COLT deadline is Fri. Feb. 7

Columbia University source.

Vladimir Vapnik is one of the founding visionaries of Computational Learning Theory. His papers in 1963 with his advisor Aleksandr Lerner and in 1964 with Aleksey Chervonenkis are considered foundational for the Support Vector Machine model, which Vapnik himself ushered into its modern form in 1995 in joint work with Corinna Cortes. Vapnik and Chervonenkis got their initials into the theory walk of fame with the concept of VC-dimension in statistical classification. A 2008 interview with him titled “Learning Has Just Started” is still featured on the permanent page of the Computational Learning Theory (COLT) conferences and association.

Today Ken and I wish to note that my colleague Nina Balcan is chairing the COLT 2014 program committee, and talk about ways we might simplify learning—at least learning our field.

COLT is being held in Barcelona, Spain, on June 13-15, 2014. This year is the {{3^{3}}^{rd}} in the series of this wonderful conference on computational aspects of learning theory. I have always liked this area, though I have only published a few papers on learning theory. I have a strange—unique?—view that this area is in many ways the inverse of cryptography. In crypto we try to make it hard to determine information from “experimental data,” while learning is all about making it easy to determine, at least approximately—information again from data. Indeed the main paper I have in a COLT, years ago, was on using the hardness of a learning problem to construct a crypto-system.

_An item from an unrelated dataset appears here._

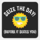 Seize The Day! (Before It Seizes You.) This is a cool funny gift for a man or woman who wants inspiration, but also has a sense of humour and enjoys sarcasm. Great motivational accessory for someone who laughs at sarcastic jokes. Features a cartoon graphic of a smiling sun with sunglasses.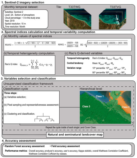 The remotely sensed analysis of seasonality, traditionally based on spectral bands [27,28], has been improved over time by including the time-series analysis of spectral indices [20]. Several metrics have been proposed to quantify environmental seasonality and vegetation phenology based on remotely sensed data [29]. Such metrics commonly focus on describing the cyclic behavior of spectral indices, intended as the combination of spectral reflectance from two or more bands indicating the relative abundance of features of interest, and on identifying key transition dates (e.g., start, peak, end, and length of seasonal periods) [30]. Additionally, other indices, considering the whole array of available bands and used in the past for describing spectral diversity across space, have been recently extended to quantify variations in diversity across time [31,32]. Among them, the Rao’s Q index, borrowed from community and landscape ecology [33,34,35], is able to take into account both the proportion of cells assuming different spectral values and their spectral distance [36]. Consequently, extending Rao’s Q rationale to the temporal dimension (e.g., comparing spectral values and distances of a given location in a multi-temporal stack), makes it a good candidate to accurately synthesize ecosystems’ seasonality. The calculation of Rao’s Q on a temporal stack generates a new layer of temporal diversity, with high or low values indicating seasonal or stable habitats, respectively. Several diversity layers summarizing temporal stacks (bands or spectral indices) can be combined instead of the rough spectral values traditionally used on multi-temporal classification [16,36]. As far as we know, few studies, if any, extending Rao’s Q to the spectral temporal diversity for land cover mapping, currently exist in transitional systems.

Ken and I have been thinking about learning a lot recently, not just about MOOCs or in our classes but actually writing a textbook on quantum computation. We started the text with the idea that we were going to “non-teach” over half of its traditional subject matter, and keep it under 100 pages, to avoid what we hear of as obstacles on the way to its beautiful core. Well some of the traditional elements have crept back in, and it’s pushing 140 pages, but we believe it amplifies by how it simplifies. We non-teach some of complexity theory as well, for instance by not writing the name of any complexity class until the last chapter. Across the board, of course, there is the problem of compacting all the rapidly expanding fields of computer science to keep the undergraduate curriculum manageable.

Shattering and VC

The VC dimension was, of course, the brilliant notion due to Vapnik and Chervonenkis. It is usually defined via the notion of shattering sets. I find this way of defining the VC dimension confusing. Perhaps I am just not an expert, not a regular user of this technology, or just slow. But I always find the usual definition confusing.

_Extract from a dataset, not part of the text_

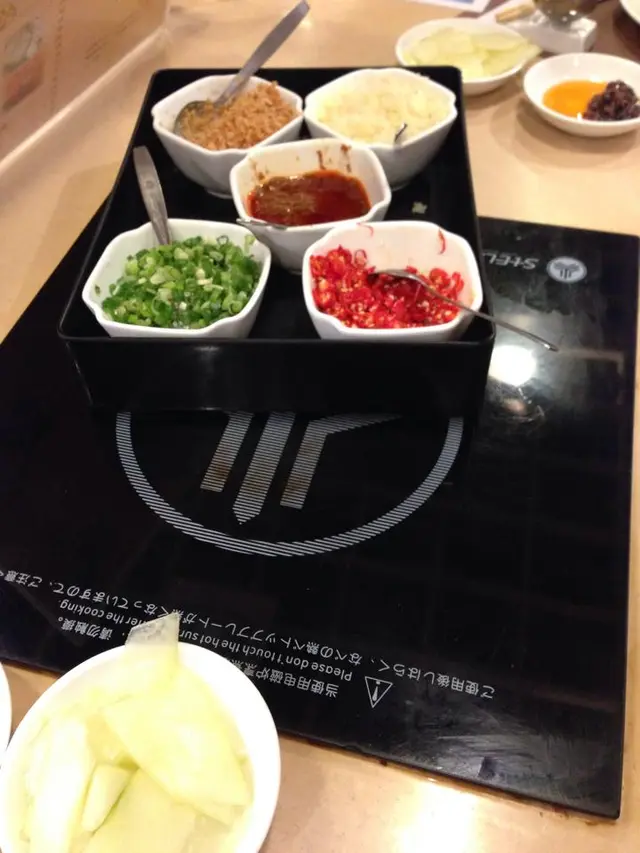 雖然呢排好熱但都無阻我想打邊爐既意慾, 黎左九龍城既大邊爐…. 上左樓之後地方唔算太大但一D 都唔會覺得迫, 坐低左之後侍應好快就拎左MENU同調味盤黎包括䓤花, 蒜蓉, 辣椒等等……

Here is one form of it, which we actually take from Wikipedia’s page on the independent and simultaneous ideas of Norbert Sauer and Saharon Shelah published just a year after VC’s paper:

A set {T} is shattered by a family {\cal F} of sets if for every subset {T'} of {T}, there is a set {S} in {\cal F} such that {T' = S \cap T}. The VC-dimension of {\cal F} is the size of the largest {T} that it shatters.

The word “shatter” was not used originally by VC themselves, at least not in English. John Michael Steele, Professor of Statistics at Wharton Business School, believes that he himself introduced the term. It certainly sticks in the memory. Some terms don’t. Ken completely forgot that he coined the term “span program” when Uwe Schöning visited as his external examiner at Oxford in 1986, until Schöning reminded him over a decade later.

I am probably in the minority being confused by “shattering,” so you are welcome to skip the rest of this discussion. However, I will try to explain my view of VC dimension and hope that it makes it clearer to some, and at least not more confusing to any.

Let’s try.

A Little Dimension Theory

What is the dimension of a space? Forgot about VC-dimension for a moment. Let’s ask, what is the dimension of a space? In general how do you define the correct dimension of a space? We expect it to be a whole number—we will not talk about ideas of fractional or negative dimension here.

One property we expect is that the notion be monotone: if if {S} has dimension {d} and {S \subseteq T}, then {T} has dimension at least {d}.

The key point is that we can define our notion first for simple spaces, ones where the “right” dimension value is clear, and extend it bu the monotone rule to all other spaces. This is what we plan to do with VC-dimension.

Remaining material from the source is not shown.